Background: Transmission of human immunodeficiency virus type 1 (HIV-1) drug resistance mutations, particularly that of minority drug-resistant variants, remains poorly understood. Population-based studies suggest that drug-resistant HIV-1 is less transmissible than drug-susceptible viruses. We compared HIV-1 drug-resistant genotypes among partner-pairs in order to assess the likelihood of transmission of drug resistance mutations and investigate the role of minority variants in HIV transmission.
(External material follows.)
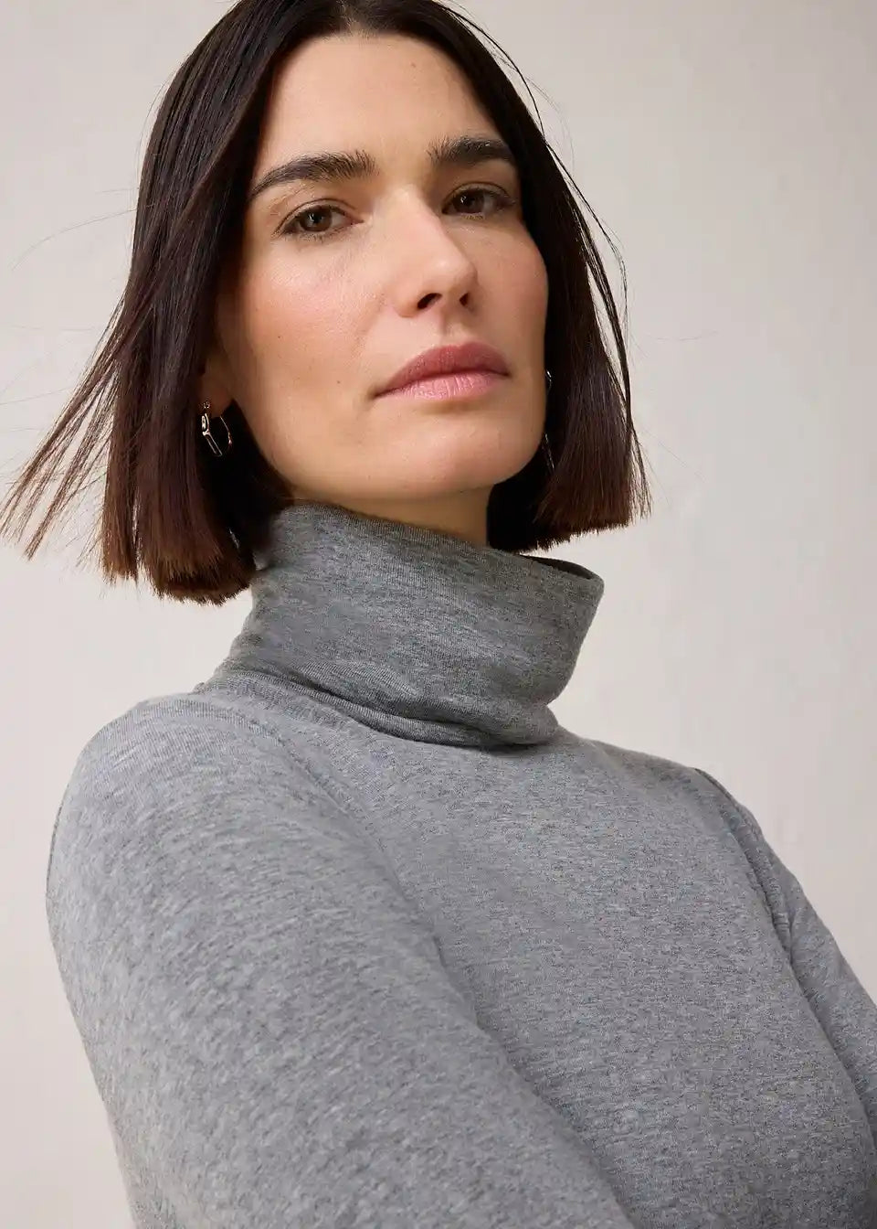 Majica s pokončnim ovratnikom iz volnene, za kožo zelo prijetne, mešanice
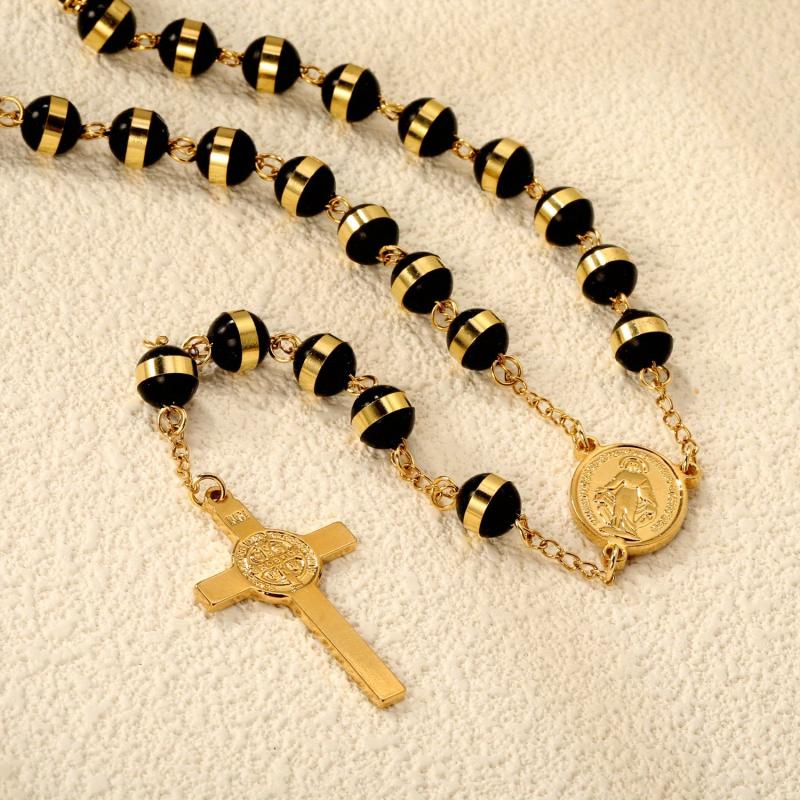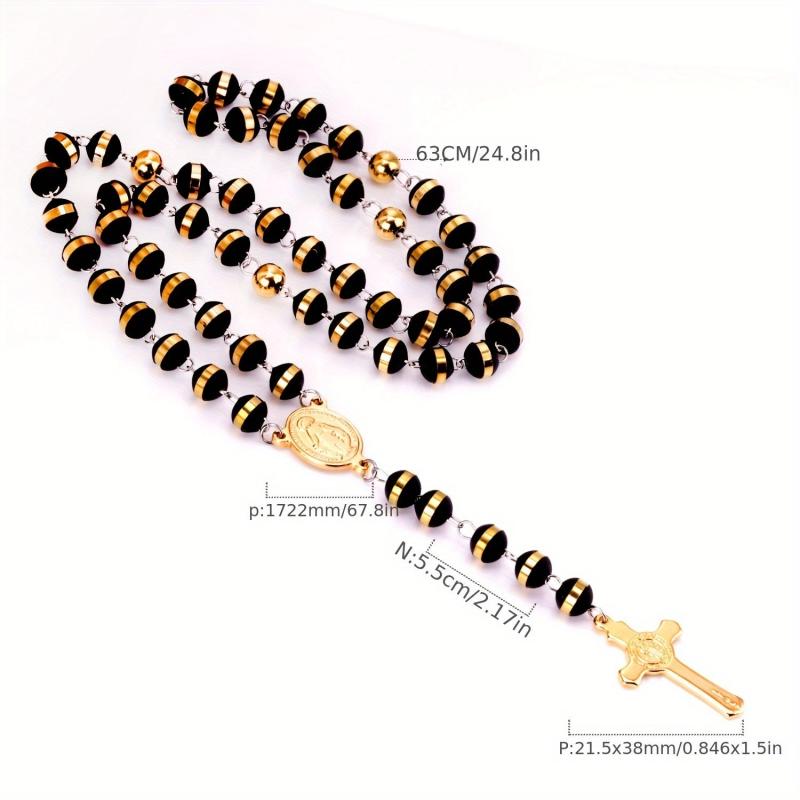 Stylish 18K Plated Stainless Steel Cross Pendant Necklace with beaded chain. Durable and trendy accessory for men and women of all ages.

Methods and findings: From 1992-2010, 340 persons with primary HIV-1 infection and their partners were enrolled into observational research studies at the University of Washington Primary Infection Clinic (UWPIC). Out of 50 partner-pairs enrolled, 36 (72%) transmission relationships were confirmed by phylogenetic distance analysis of HIV-1 envelope (env) sequences, and 31 partner-pairs enrolled after 1995 met criteria for this study. Drug resistance mutations in the region of the HIV-1 polymerase gene (pol) that encodes protease and reverse transcriptase were assessed by 454-pyrosequencing. In 25 partner-pairs where the transmission direction could be determined, 12 (48%) transmitters had 1-4 drug resistance mutations (23 total) detected in their HIV-1 populations at a median frequency of 6.0% (IQR 1.5%-98.7%, range 1.0%-99.6%). Of 10 major mutations detected in five transmitters at a frequency >95%, 100% (95% CI 69.2%-100%) were detected in recipients. All of these transmitters were antiretroviral (ARV)-naïve at the time of specimen collection. Fourteen mutations (eight major mutations and six accessory mutations) were detected in nine transmitters at low frequencies (1.0%-11.8%); four of these transmitters had previously received ARV therapy. Two (14% [95% CI 1.8%-42.8%]) G73S accessory mutations were detected in both transmitter and recipient. This number is not significantly different from the number expected based on the observed frequencies of drug-resistant viruses in transmitting partners. Limitations of this study include the small sample size and uncertainties in determining the timing of virus transmission and mutation history.
Conclusions: Drug-resistant majority variants appeared to be commonly transmitted by ARV-naïve participants in our analysis and may contribute significantly to transmitted drug resistance on a population level. When present at low frequency, no major mutation was observed to be shared between partner-pairs; identification of accessory mutations shared within a pair could be due to transmission, laboratory artifact, or apolipoprotein B mRNA-editing enzyme, catalytic polypeptides (APOBECs), and warrants further study.